> **WORK REQUIRED**
Reproduce exactly, and solely, the lines running from the top of the data below through the line with "Непогода добралась и", both inclusive. Omit pictures.

> **TASK DATA**
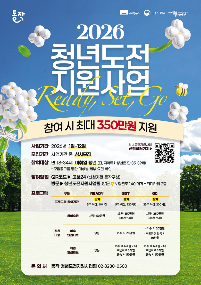 [동작구 세계타임즈=이장성 기자] 동작구(구청장 박일하)가 고용노동부 주관 공모사업인 '2026년 청년도전 지원사업'에 선정돼 참여자를 모집한다고 밝혔다.
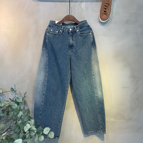 봄신상 여성 밴딩 데님 밑단접이 통 배기핏 청바지 PIC-WPT-20312-연청
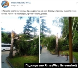 Непогода добралась и до Южного берега Крыма. В Ялте ураганный ветер, бушевавший 4 августа, снес деревья в разных частях города. Фото публикуют очевидцы в группе «Подслушано Ялта» во «ВКонтакте».
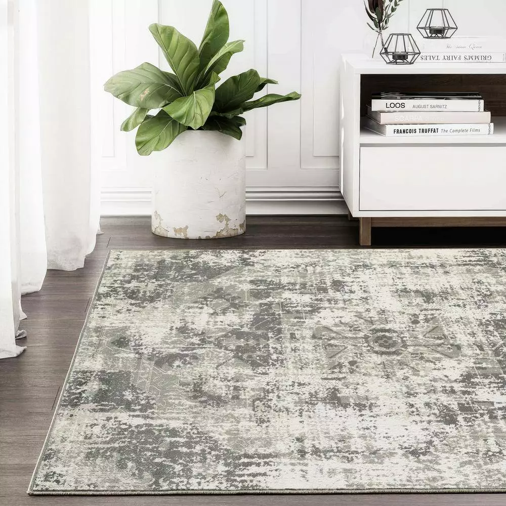 This elegant rug evokes bohemian style with its distressed texture overlaying a subtle diamond and floral pattern. The cream and grey color lend to the neutral color palette, making this the perfect addition to any living room, office, dining room, or bedroom. Drawing from the sophistication of traditional Oriental rug making styles, this is the perfect area rug to complete your decor style, no matter the aesthetic you’re looking to achieve. With a soft, easy to clean texture that will last for years to come, this bohemian matches every taste.
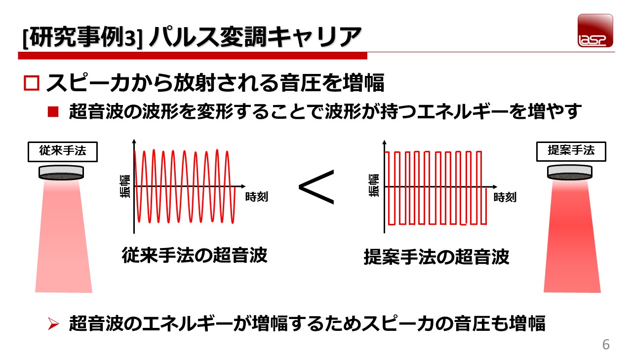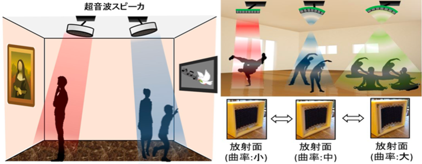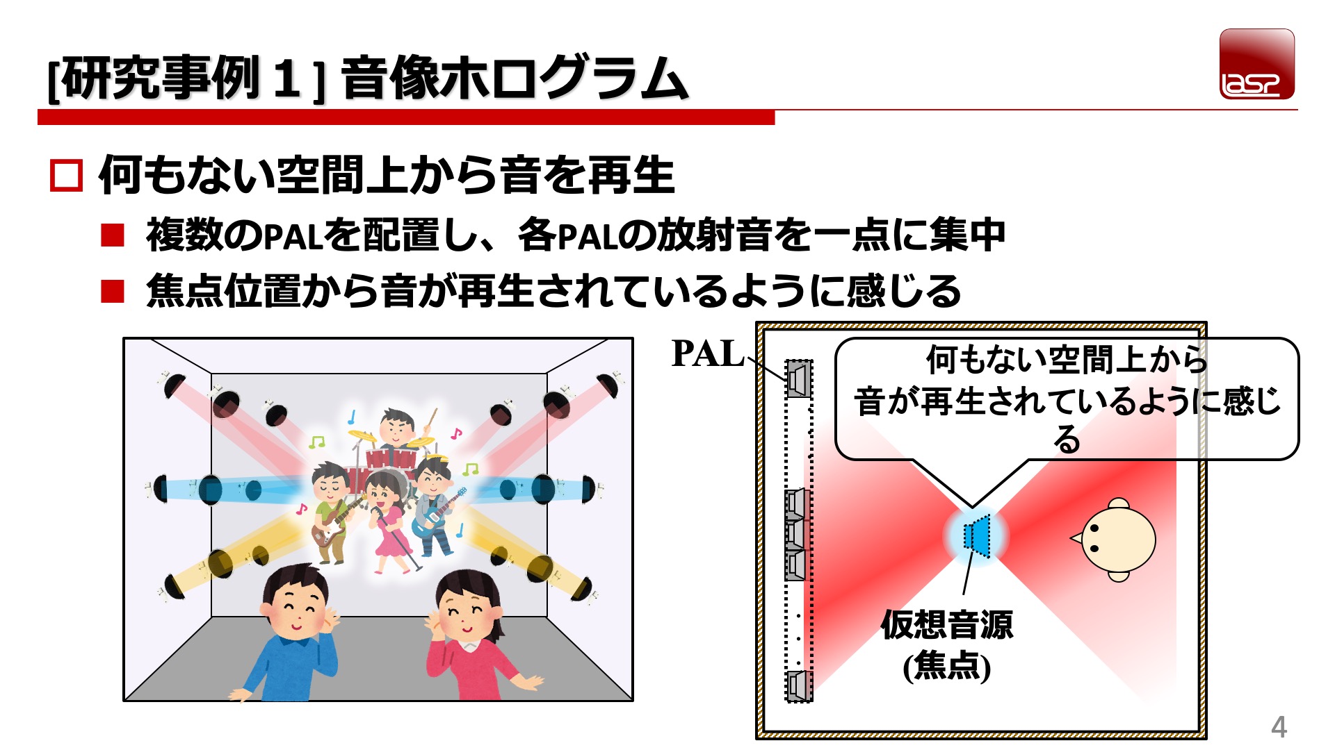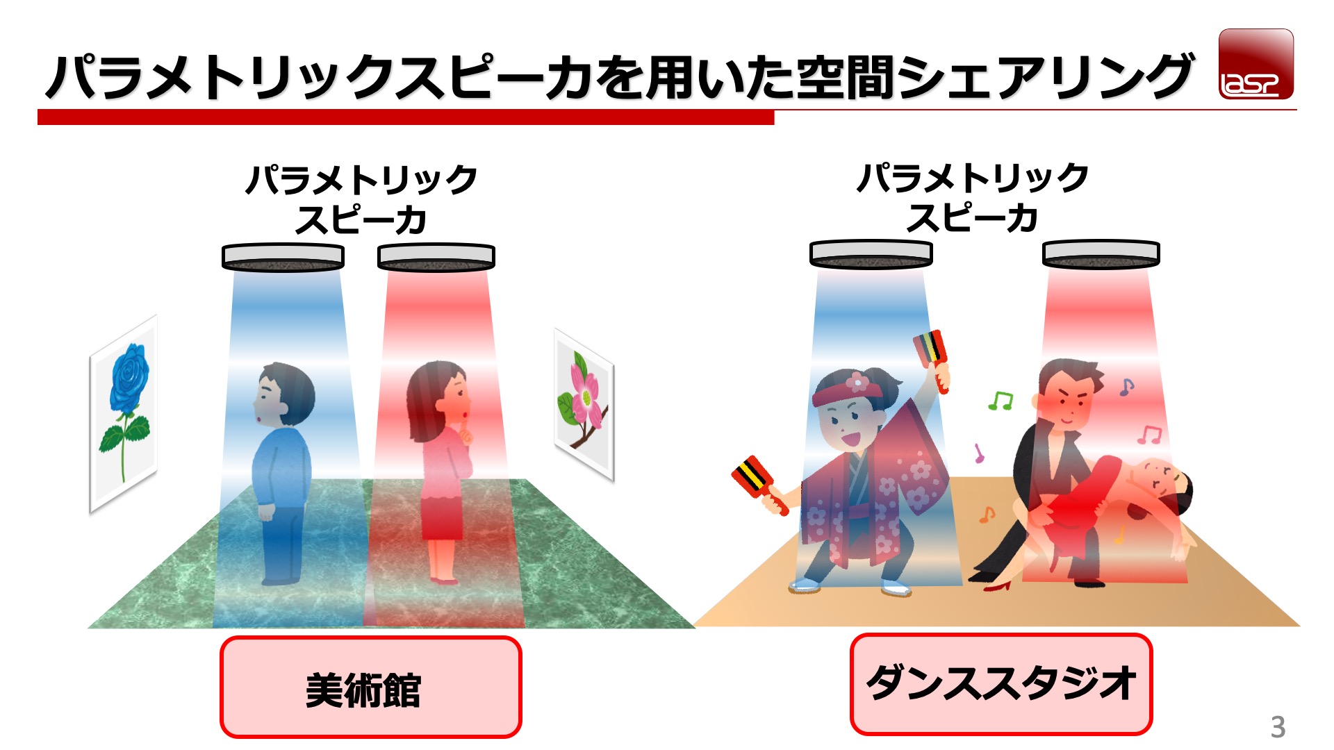 パラメトリックスピーカは超音波の直進性を利用することで音を直線上に届けることができます. このパラメトリックスピーカを使用すると,空間を音で分割することができるので, 美術館の音声案内のように複数の人々にそれぞれ独立した音を届ける際に有効利用できます. また,空間のある一点のみから音が聞こえる極小領域オーディオスポットなど, パラメトリックスピーカを用いた応用研究も幅広く行われています.

> **WRITTEN SOLUTION**
 [동작구 세계타임즈=이장성 기자] 동작구(구청장 박일하)가 고용노동부 주관 공모사업인 '2026년 청년도전 지원사업'에 선정돼 참여자를 모집한다고 밝혔다.
 봄신상 여성 밴딩 데님 밑단접이 통 배기핏 청바지 PIC-WPT-20312-연청
 Непогода добралась и до Южного берега Крыма. В Ялте ураганный ветер, бушевавший 4 августа, снес деревья в разных частях города. Фото публикуют очевидцы в группе «Подслушано Ялта» во «ВКонтакте».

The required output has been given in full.